(Beginning of Available data)
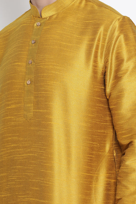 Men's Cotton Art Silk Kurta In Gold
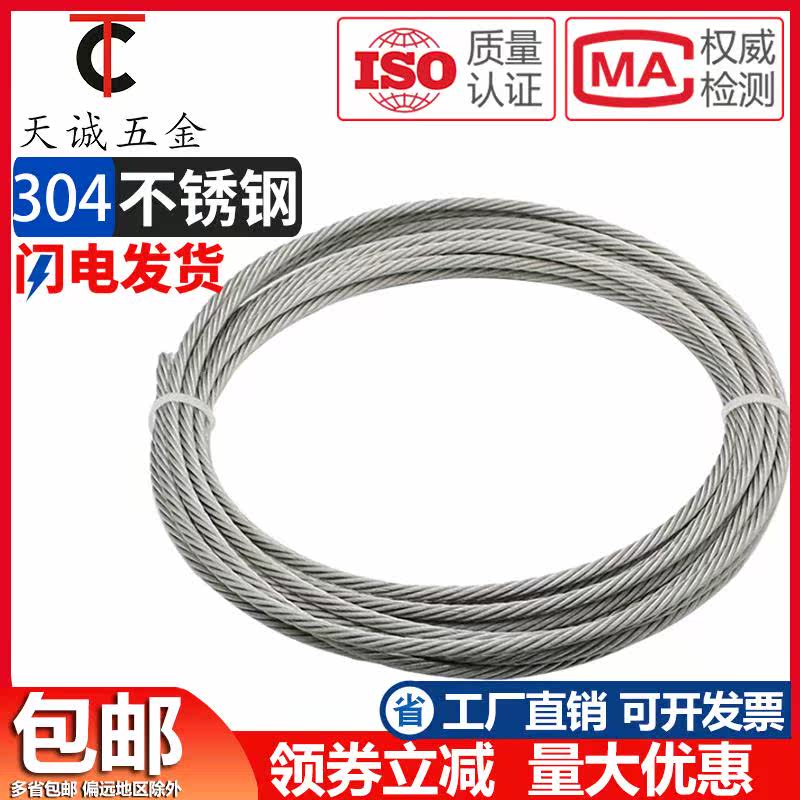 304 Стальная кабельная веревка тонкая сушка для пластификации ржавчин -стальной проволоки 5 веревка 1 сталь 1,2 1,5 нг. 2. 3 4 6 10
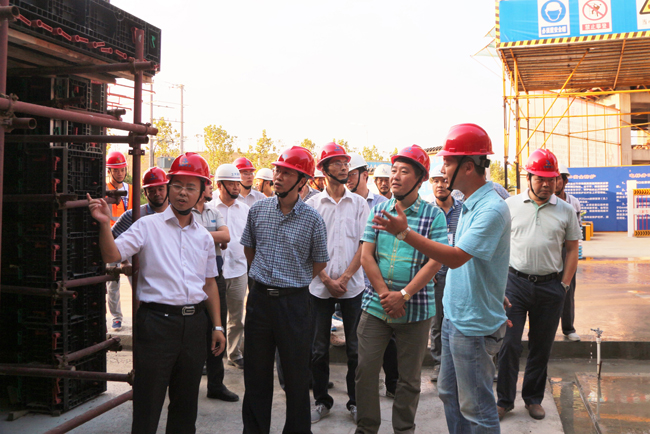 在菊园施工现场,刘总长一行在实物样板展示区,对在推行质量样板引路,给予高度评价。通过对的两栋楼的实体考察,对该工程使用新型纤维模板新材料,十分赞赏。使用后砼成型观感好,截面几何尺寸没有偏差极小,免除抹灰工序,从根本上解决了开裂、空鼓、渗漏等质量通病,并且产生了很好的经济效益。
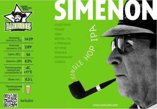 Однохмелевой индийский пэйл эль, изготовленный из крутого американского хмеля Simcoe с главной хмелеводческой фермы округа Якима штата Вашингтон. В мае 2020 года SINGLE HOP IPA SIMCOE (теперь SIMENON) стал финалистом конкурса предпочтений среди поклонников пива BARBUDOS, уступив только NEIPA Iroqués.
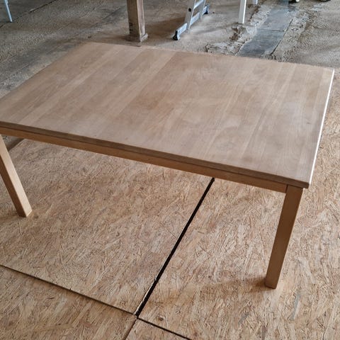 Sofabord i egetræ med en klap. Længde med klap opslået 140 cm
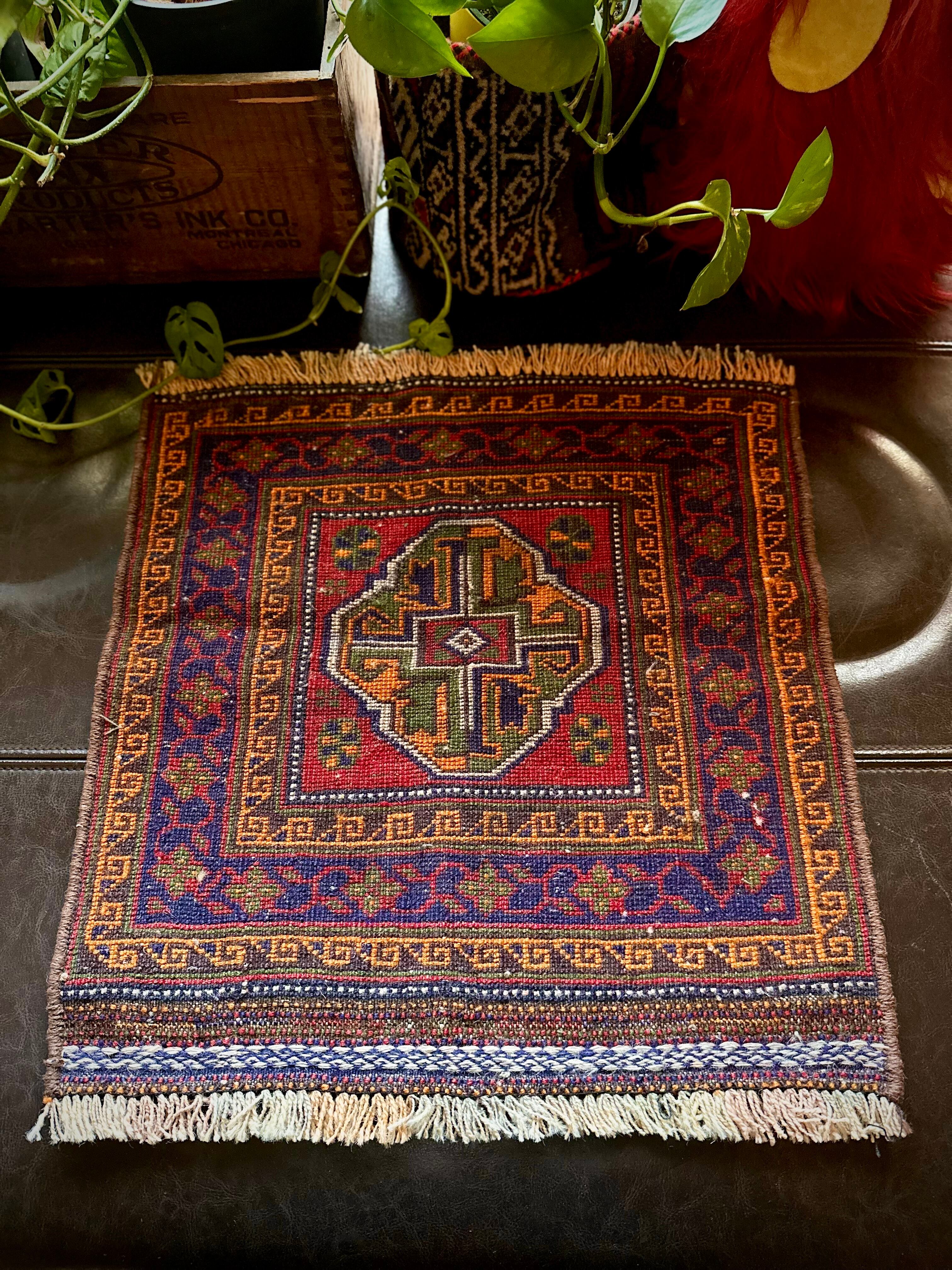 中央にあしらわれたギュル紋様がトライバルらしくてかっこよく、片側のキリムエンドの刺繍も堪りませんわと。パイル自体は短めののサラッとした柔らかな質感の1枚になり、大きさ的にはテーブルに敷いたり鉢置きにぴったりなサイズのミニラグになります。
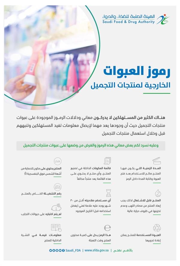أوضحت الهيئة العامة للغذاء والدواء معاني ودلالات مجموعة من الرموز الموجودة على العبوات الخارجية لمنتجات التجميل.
(End of Available data)
(Task instructions) Copy out the records exactly. Do not include the pictures.

(Answer below)
 Men's Cotton Art Silk Kurta In Gold
 304 Стальная кабельная веревка тонкая сушка для пластификации ржавчин -стальной проволоки 5 веревка 1 сталь 1,2 1,5 нг. 2. 3 4 6 10
 在菊园施工现场,刘总长一行在实物样板展示区,对在推行质量样板引路,给予高度评价。通过对的两栋楼的实体考察,对该工程使用新型纤维模板新材料,十分赞赏。使用后砼成型观感好,截面几何尺寸没有偏差极小,免除抹灰工序,从根本上解决了开裂、空鼓、渗漏等质量通病,并且产生了很好的经济效益。
 Однохмелевой индийский пэйл эль, изготовленный из крутого американского хмеля Simcoe с главной хмелеводческой фермы округа Якима штата Вашингтон. В мае 2020 года SINGLE HOP IPA SIMCOE (теперь SIMENON) стал финалистом конкурса предпочтений среди поклонников пива BARBUDOS, уступив только NEIPA Iroqués.
 Sofabord i egetræ med en klap. Længde med klap opslået 140 cm
 中央にあしらわれたギュル紋様がトライバルらしくてかっこよく、片側のキリムエンドの刺繍も堪りませんわと。パイル自体は短めののサラッとした柔らかな質感の1枚になり、大きさ的にはテーブルに敷いたり鉢置きにぴったりなサイズのミニラグになります。
أوضحت الهيئة العامة للغذاء والدواء معاني ودلالات مجموعة من الرموز الموجودة على العبوات الخارجية لمنتجات التجميل.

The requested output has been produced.